▶ [RAW DATA]
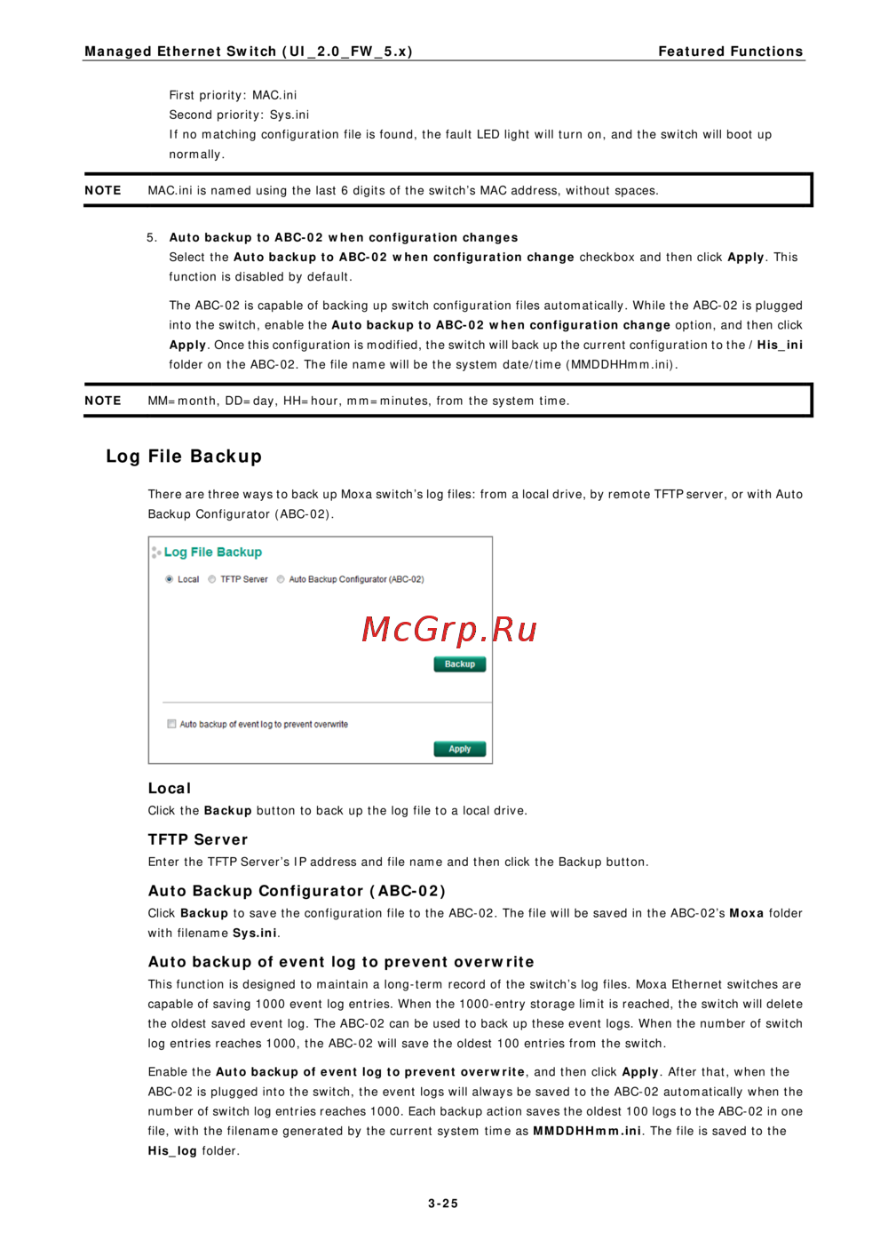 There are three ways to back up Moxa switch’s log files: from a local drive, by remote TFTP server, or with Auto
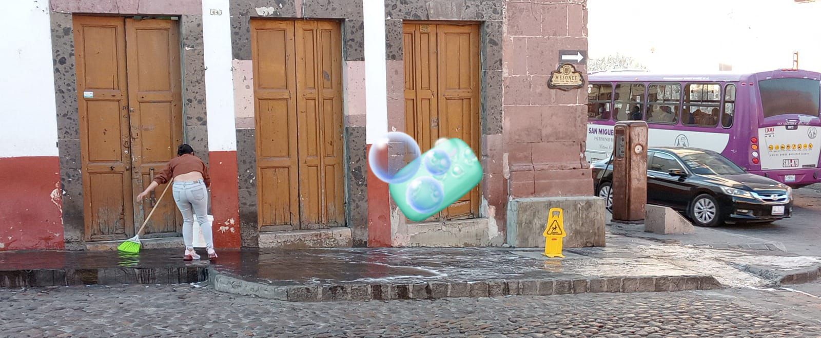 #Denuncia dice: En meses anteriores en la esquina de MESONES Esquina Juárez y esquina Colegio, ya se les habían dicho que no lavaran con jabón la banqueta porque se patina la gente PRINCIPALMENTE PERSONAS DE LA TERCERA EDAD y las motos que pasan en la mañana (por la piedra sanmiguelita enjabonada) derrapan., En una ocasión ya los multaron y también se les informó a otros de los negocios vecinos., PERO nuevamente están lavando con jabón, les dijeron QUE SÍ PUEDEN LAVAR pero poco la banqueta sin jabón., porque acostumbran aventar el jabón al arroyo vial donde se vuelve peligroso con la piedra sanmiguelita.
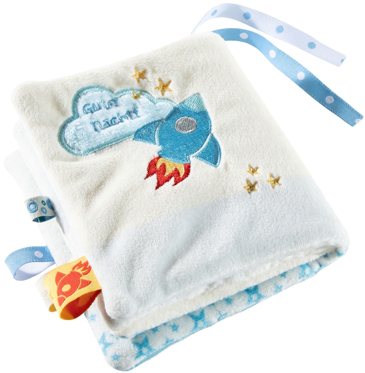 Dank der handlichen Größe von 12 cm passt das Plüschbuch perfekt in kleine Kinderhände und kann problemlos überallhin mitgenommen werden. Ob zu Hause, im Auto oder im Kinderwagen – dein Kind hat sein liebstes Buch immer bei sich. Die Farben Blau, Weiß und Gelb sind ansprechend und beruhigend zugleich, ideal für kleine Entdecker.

▶ [WORK REQUEST]
Would you transcribe all of the data exactly, omitting any pictures?

▶ [RESULT OF THIS TASK]
 There are three ways to back up Moxa switch’s log files: from a local drive, by remote TFTP server, or with Auto
 #Denuncia dice: En meses anteriores en la esquina de MESONES Esquina Juárez y esquina Colegio, ya se les habían dicho que no lavaran con jabón la banqueta porque se patina la gente PRINCIPALMENTE PERSONAS DE LA TERCERA EDAD y las motos que pasan en la mañana (por la piedra sanmiguelita enjabonada) derrapan., En una ocasión ya los multaron y también se les informó a otros de los negocios vecinos., PERO nuevamente están lavando con jabón, les dijeron QUE SÍ PUEDEN LAVAR pero poco la banqueta sin jabón., porque acostumbran aventar el jabón al arroyo vial donde se vuelve peligroso con la piedra sanmiguelita.
 Dank der handlichen Größe von 12 cm passt das Plüschbuch perfekt in kleine Kinderhände und kann problemlos überallhin mitgenommen werden. Ob zu Hause, im Auto oder im Kinderwagen – dein Kind hat sein liebstes Buch immer bei sich. Die Farben Blau, Weiß und Gelb sind ansprechend und beruhigend zugleich, ideal für kleine Entdecker.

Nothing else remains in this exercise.